Between 1950 and 1962, the CIA poured millions of dollars into studies that tested different interrogation techniques, hoping to learn from and refine the lessons of Korea. The research culminated in the top-secret KUBARK manual, a 1963 primer on how to conduct coercive counterintelligence interrogations. The manual was finally disclosed in 1997 and is now available online.
KUBARK operates on the premise that a prisoner will divulge what he knows once he realizes that resistance is pointless. The prisoner must believe his captors are “all-powerful.” Confusion, fear and isolation are the interrogator’s stock in trade, since they “create and amplify an effect of omniscience.”
Interrogators must create a menacing and ominous environment that destroys the prisoner’s capacity to function as a “civilized man.” Prisoners should be kept disoriented because “the capacity for resistance is diminished by disorientation.”
The prisoner’s environment must be manipulated to produce a “regression of the personality to whatever earlier and weaker level is required for the dissolution of resistance.” This usually doesn’t take much. “Relatively small degrees of homeostatic derangement, fatigue, pain, sleep loss, or anxiety” are generally sufficient.
When in doubt, the interrogator should always keep in mind this useful advice: In order to achieve ” the maximum amount of mental discomfort ,” (emphasis in original), your prisoner must be instilled with a sense of “debility, dependence, and dread.” “When this aim is achieved, resistance is seriously impaired.” The prisoner enters “a kind of psychological shock or paralysis.” At that moment, “the source is far more open to suggestion [and] far likelier to comply.”

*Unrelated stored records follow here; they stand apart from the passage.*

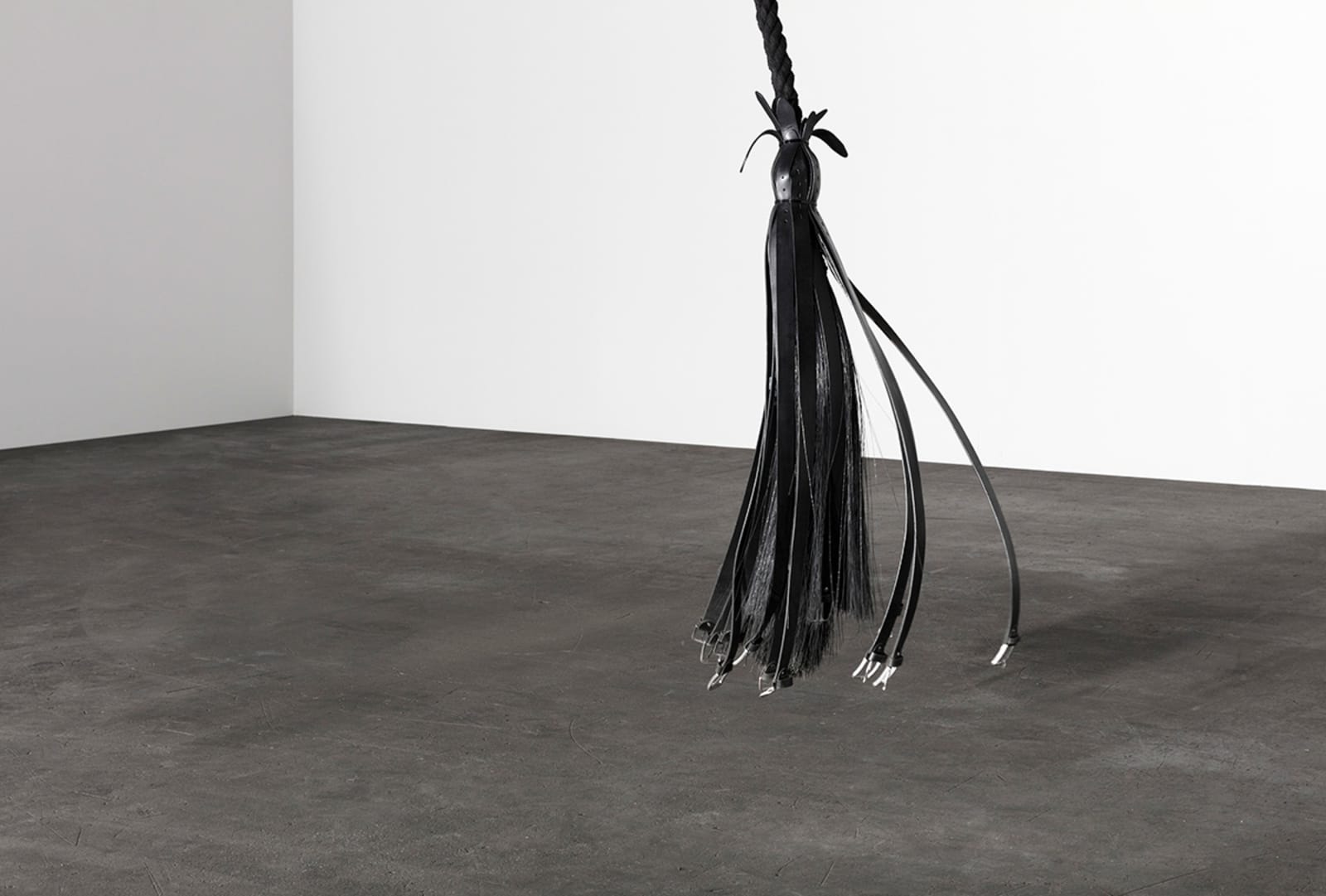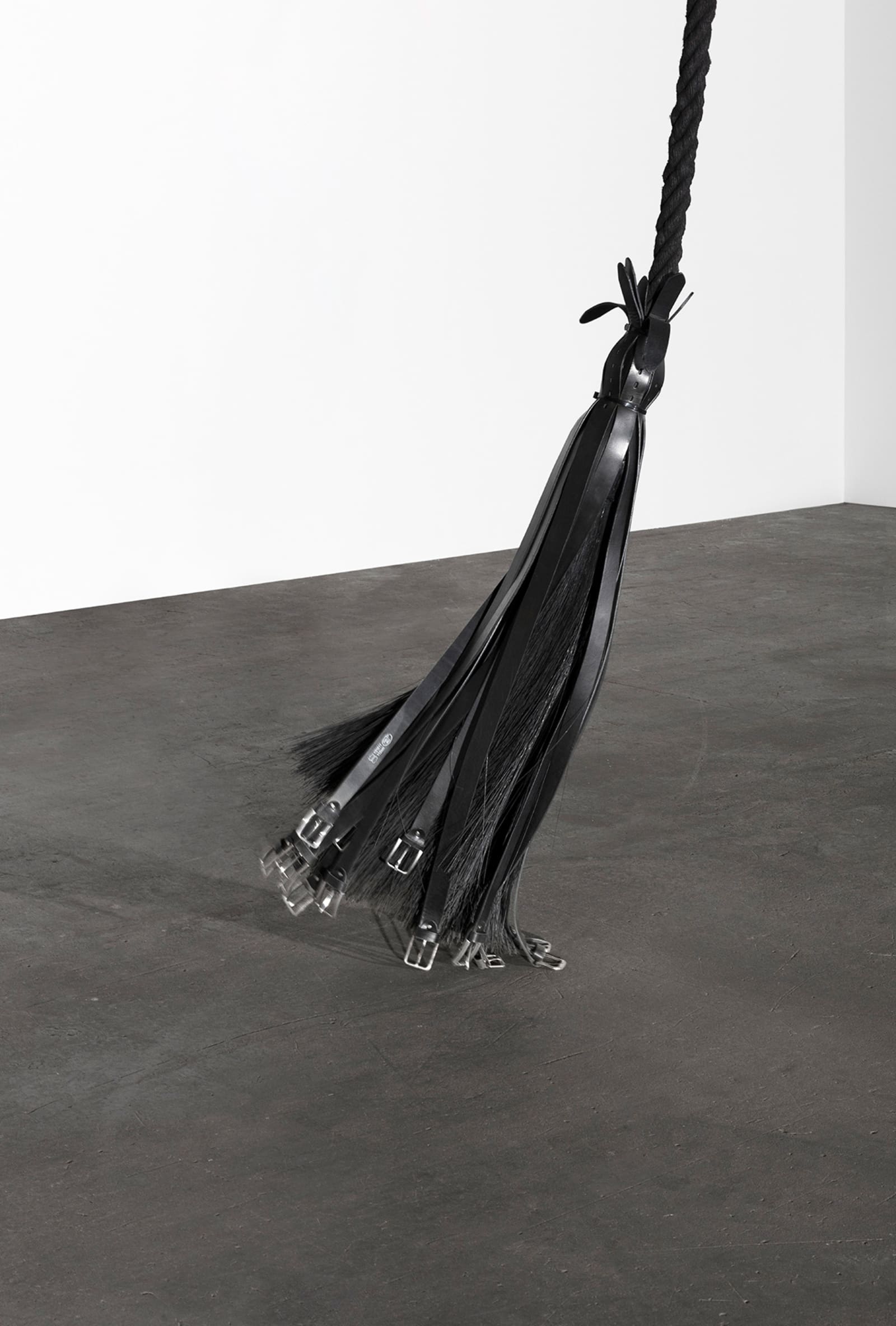 A hanging sculpture made of leather belts moves through the space, loudly sweeping across and hitting the floor. The screeching and metallic noises of the belts crushing on the surface are accompanied by the industrial sound created by the pneumatic pistons that keep the installation in motion. The resulting movements are precisely programmed into a choreography reminiscent of a dance or a forced and repetitive mantra.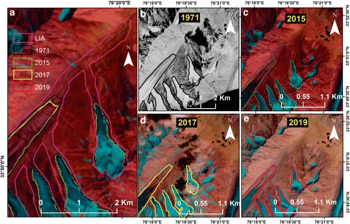 Field observations from the last 4 years (2015–2019) showed that the glacier is now retreating at an average rate of 6.7 ± 3 m a−1. In the study published in the journal Regional Environmental Change, the team attributes the observed recession trends of the Pensilungpa Glacier to increased temperature and decreased rainfall during winters.
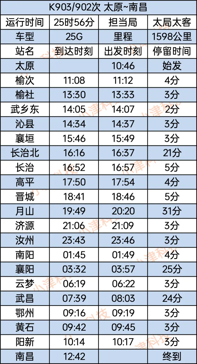 2026年1月26日起,K903/902 K904/901次改为南昌站始发终到,九里垄至南昌经由京九铁路运行,太原至长治北区间改由复兴号内燃机车FXN5C牵引。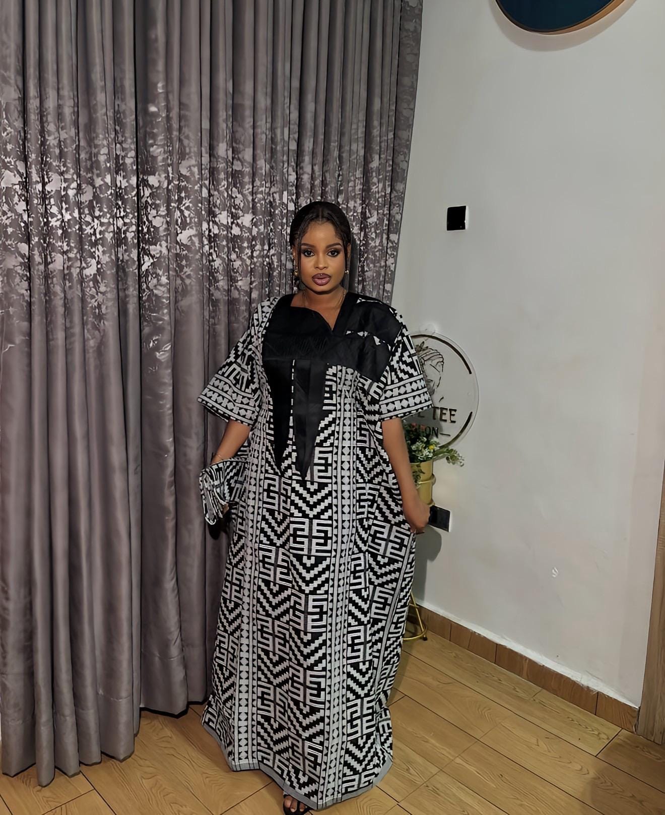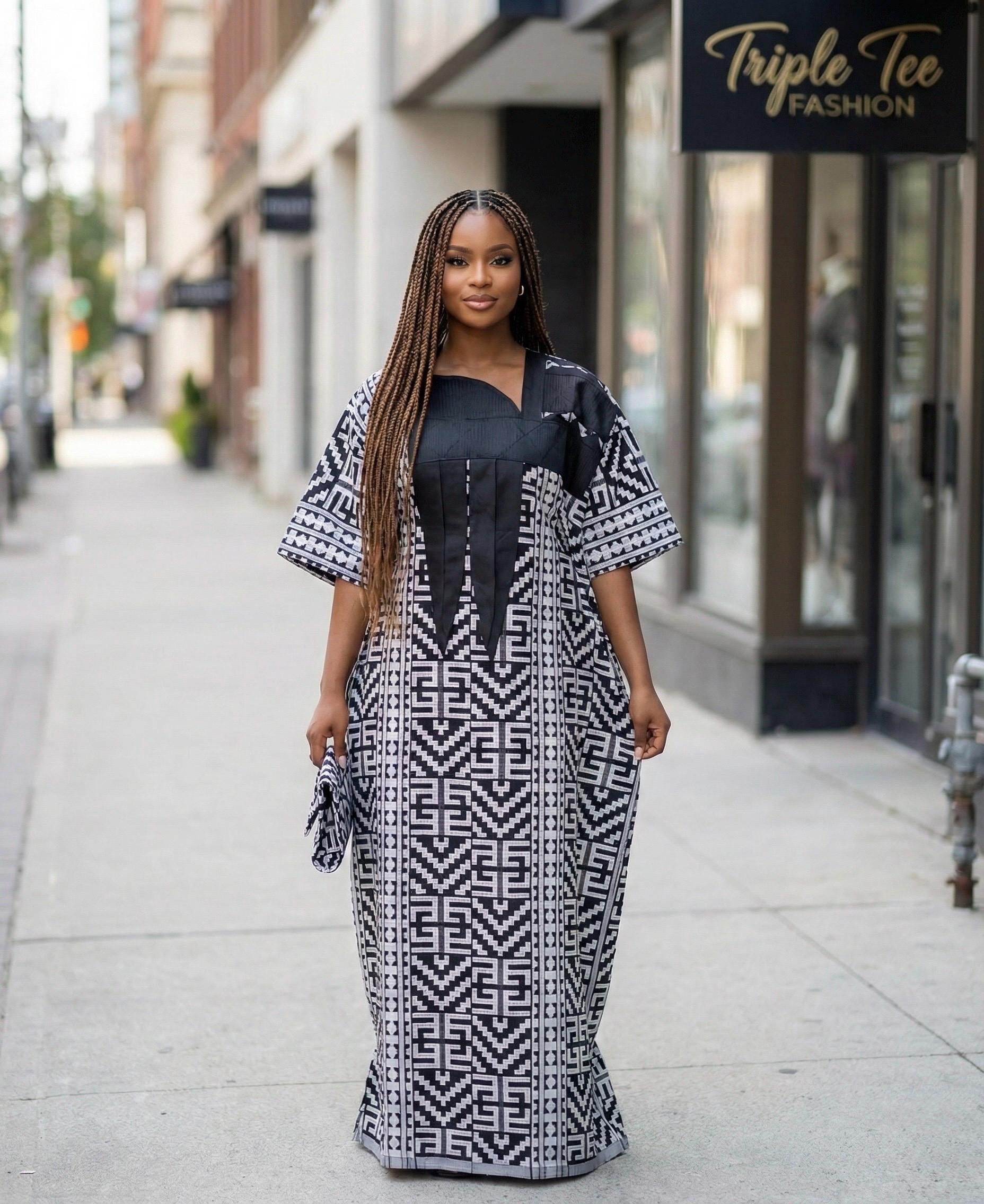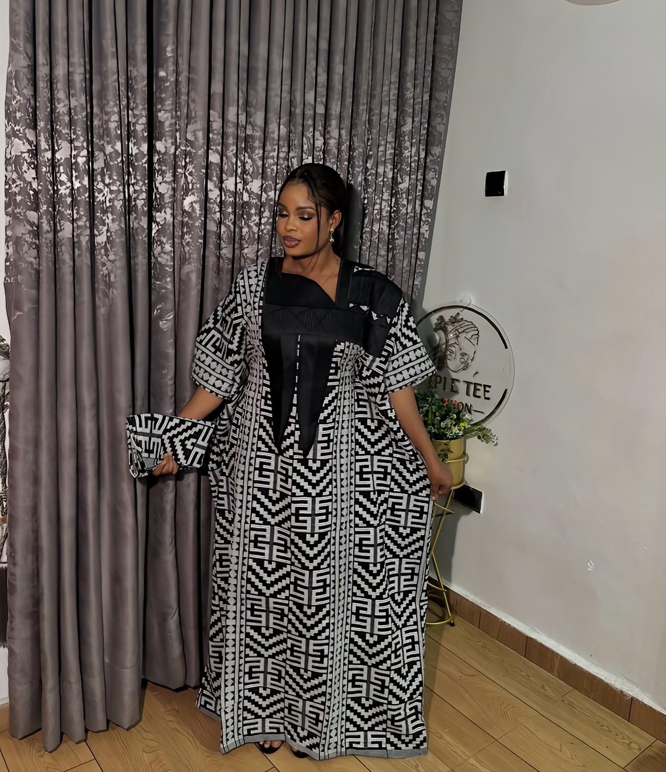 This elegant boubou is made from authentic Akwete fabric, a traditional handwoven textile originating from Nigeria, known for its bold patterns, durability, and cultural significance. Each piece reflects heritage craftsmanship and timeless African artistry.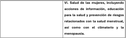 VI. Salud de las mujeres, incluyendo acciones de información, educación para la salud y prevención de riesgos relacionados con la salud menstrual, así como con el climaterio y la menopausia.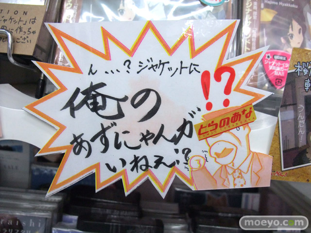 6月2日、CD「けいおん! オリジナルサウンドトラック」が発売されました!とらのあな本店では、発売を記念?した、『担当(俺)が自分専用に作っちゃった』という、「あずにゃんジャケット」も展示されていました!違和感がないのがすごい!
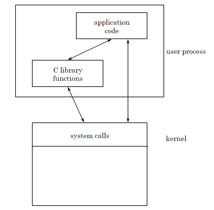 library의 많은 함수들은 실행되기 위해서 System call을 호출한다. 그리고 System call은 Kernel의 일부이다.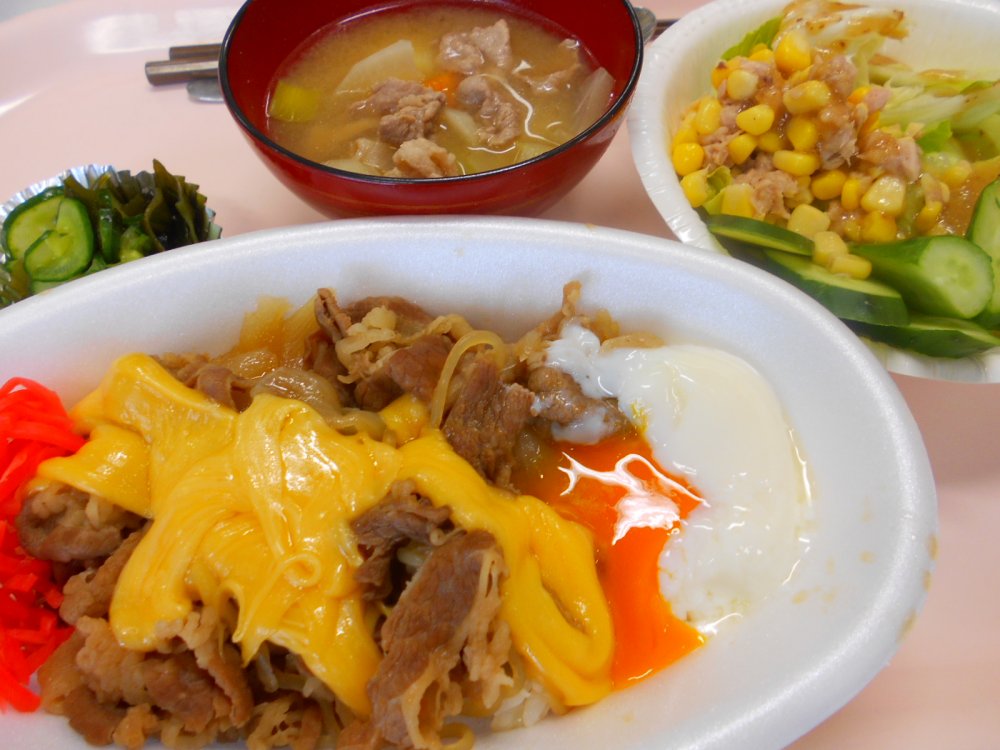 とろ~りチーズ&温玉乗せ牛丼、豚汁、キュウリの酢の物、サラダでした。
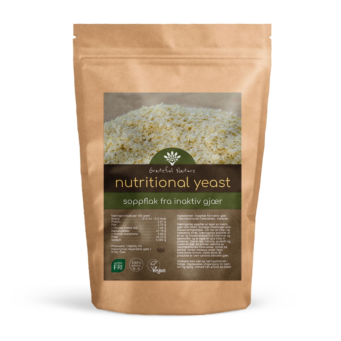 Grateful Nature Nutritional Yeast Flakes - Næringsgjær 500 g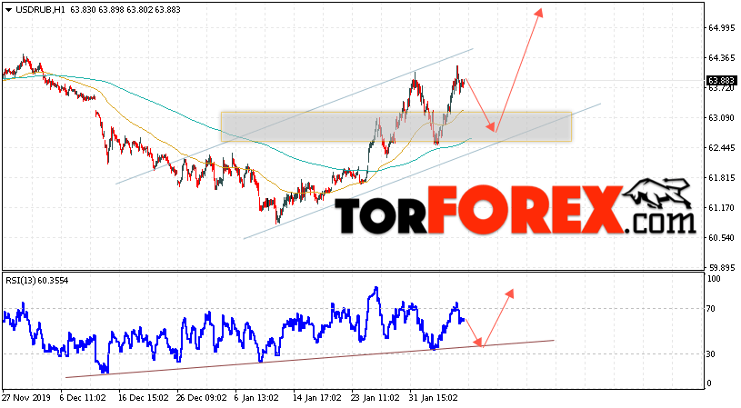 Дополнительным сигналом в пользу роста пары USD/RUB 11 февраля 2020 выступит тест линии тренда на индикаторе относительной силы. Вторым сигналом станет отскок от ниэенй границы восходящего канала. Отменой варианта роста пары USD/RUB на Форекс станет падение и пробой уровня 62.15 Рублей за Доллар. Это укажет на пробой области поддержки и продолжение падения пары Доллар Рубль в область ниже уровня 60.05. Подтверждением роста пары выступит пробой области сопротивления и закрытие над уровнем 64.55.

Will mild “homeostatic derangement” be deemed acceptable under the legislation just passed by Congress — a little sleep deprivation here, some extended standing there, perhaps a few more hours in the cold room, a wee drop of solitary confinement now and again, extended isolation from the outside world? Nothing like “real” torture, since everyone knows that’s unreliable.
Regrettably, we may not hear the answer in the sad, distant voices of three dozen American airmen. There is a lesson in their cries, if only we’d listen.
The writer is a law professor at Northwestern University and was lead counsel in Rasul v. Bush, which concerned the legality of the detentions at Guantanamo Bay. He is the author of “Guantanamo and the Abuse of Presidential Power.”